What to work on: Set the data below down again, exactly, with every picture left out.

***

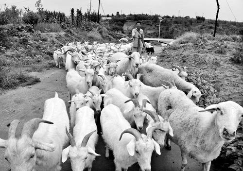 8月2日,河曲县文笔镇岱岳殿村农民李师子正准备出门放羊。今年69岁的他因2015年一场大病导致贫困,当时筹措手术费变卖了自己的80只羊,一群羊所剩无几。病愈后,在当地政府的关心和国家扶贫政策的支持下,又为他添购了15只“扶贫羊”,经过两年多的精心饲养繁殖,现在羊存栏增加到105只,一举摘掉了贫困帽子。(邬耿杰 摄)
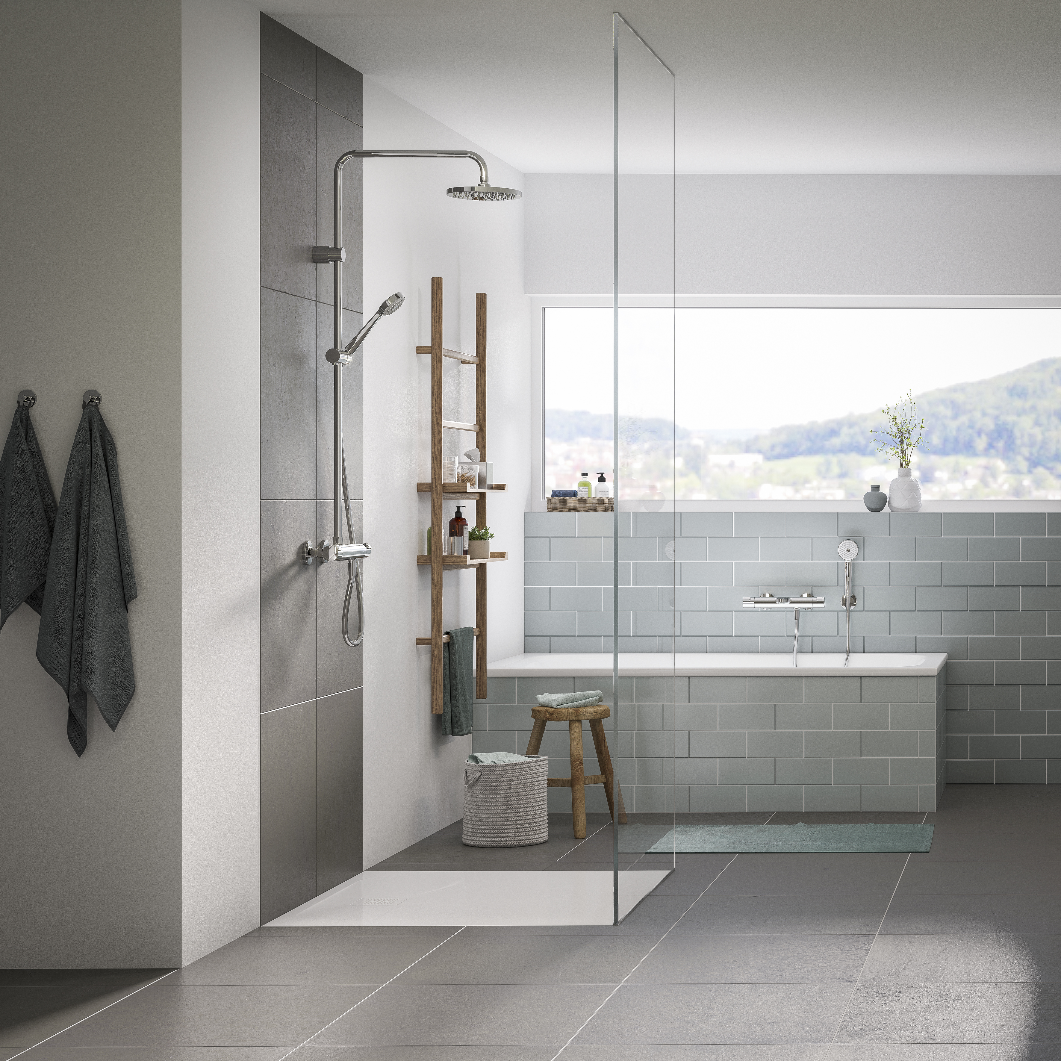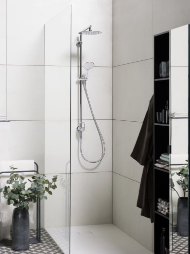 Die Showerstations sind kompakte Einheiten, die sich in kleinen und grossen Badezimmern, privat ebenso wie im Hotel, schnell und unkompliziert montieren lassen – ganz ohne umfangreiche Badsanierung. Dank der 153 mm Anschlussdistanz lassen sich die Armaturen problemlos an alle gängigen Schweizer Standardanschlüsse montieren.
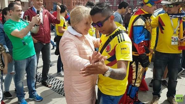 哥伦比亚球迷算是传统的南美人,性格奔放,几百人成群在红场空旷地带跳舞,声势盛大,偶尔遇到几个墨西哥球迷和巴西球迷,哥伦比亚人也能和他们小范围一起互动。
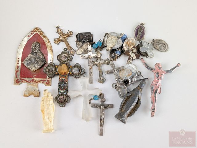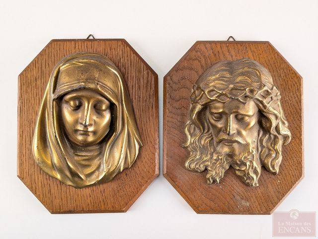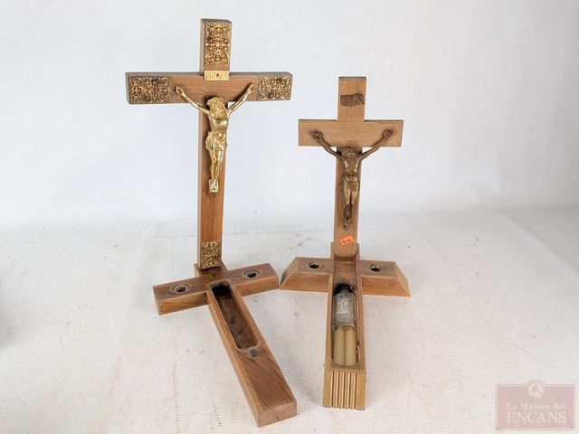 Lot # 126 - Lot religieux comprenant bible, appliques murales et crucifix mesurant 13 pouces de hauteur SOLD
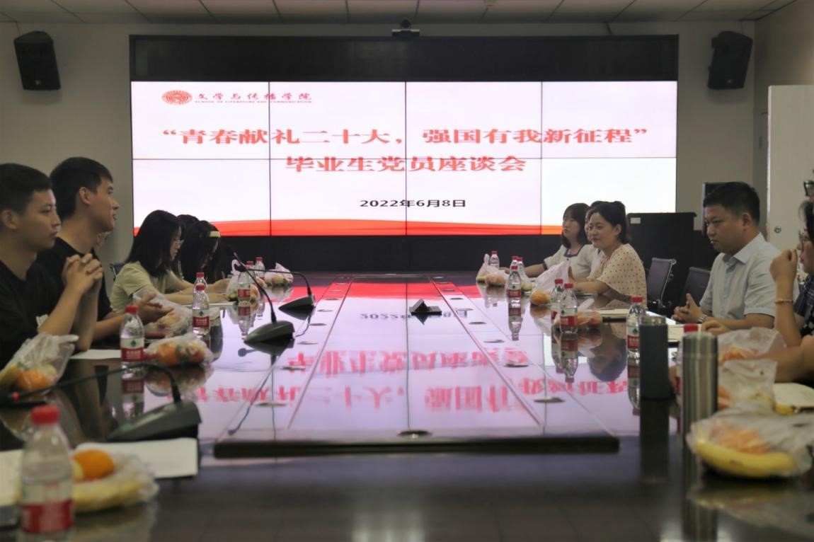 6月8日,我院在艺术传媒楼1007会议室召开了以“青春献礼二十大,强国有我新征程”为主题的座谈会。会议由学院党总支副书记张俊峰主持,党总支书记冉林、正处级组织员张波、学生第二支部书记文敏熙、辅导员肖旭、宋涛老师、学院22届毕业生党员参加会议。

***

Expected answer:
 8月2日,河曲县文笔镇岱岳殿村农民李师子正准备出门放羊。今年69岁的他因2015年一场大病导致贫困,当时筹措手术费变卖了自己的80只羊,一群羊所剩无几。病愈后,在当地政府的关心和国家扶贫政策的支持下,又为他添购了15只“扶贫羊”,经过两年多的精心饲养繁殖,现在羊存栏增加到105只,一举摘掉了贫困帽子。(邬耿杰 摄)
 Die Showerstations sind kompakte Einheiten, die sich in kleinen und grossen Badezimmern, privat ebenso wie im Hotel, schnell und unkompliziert montieren lassen – ganz ohne umfangreiche Badsanierung. Dank der 153 mm Anschlussdistanz lassen sich die Armaturen problemlos an alle gängigen Schweizer Standardanschlüsse montieren.
 哥伦比亚球迷算是传统的南美人,性格奔放,几百人成群在红场空旷地带跳舞,声势盛大,偶尔遇到几个墨西哥球迷和巴西球迷,哥伦比亚人也能和他们小范围一起互动。
 Lot # 126 - Lot religieux comprenant bible, appliques murales et crucifix mesurant 13 pouces de hauteur SOLD
 6月8日,我院在艺术传媒楼1007会议室召开了以“青春献礼二十大,强国有我新征程”为主题的座谈会。会议由学院党总支副书记张俊峰主持,党总支书记冉林、正处级组织员张波、学生第二支部书记文敏熙、辅导员肖旭、宋涛老师、学院22届毕业生党员参加会议。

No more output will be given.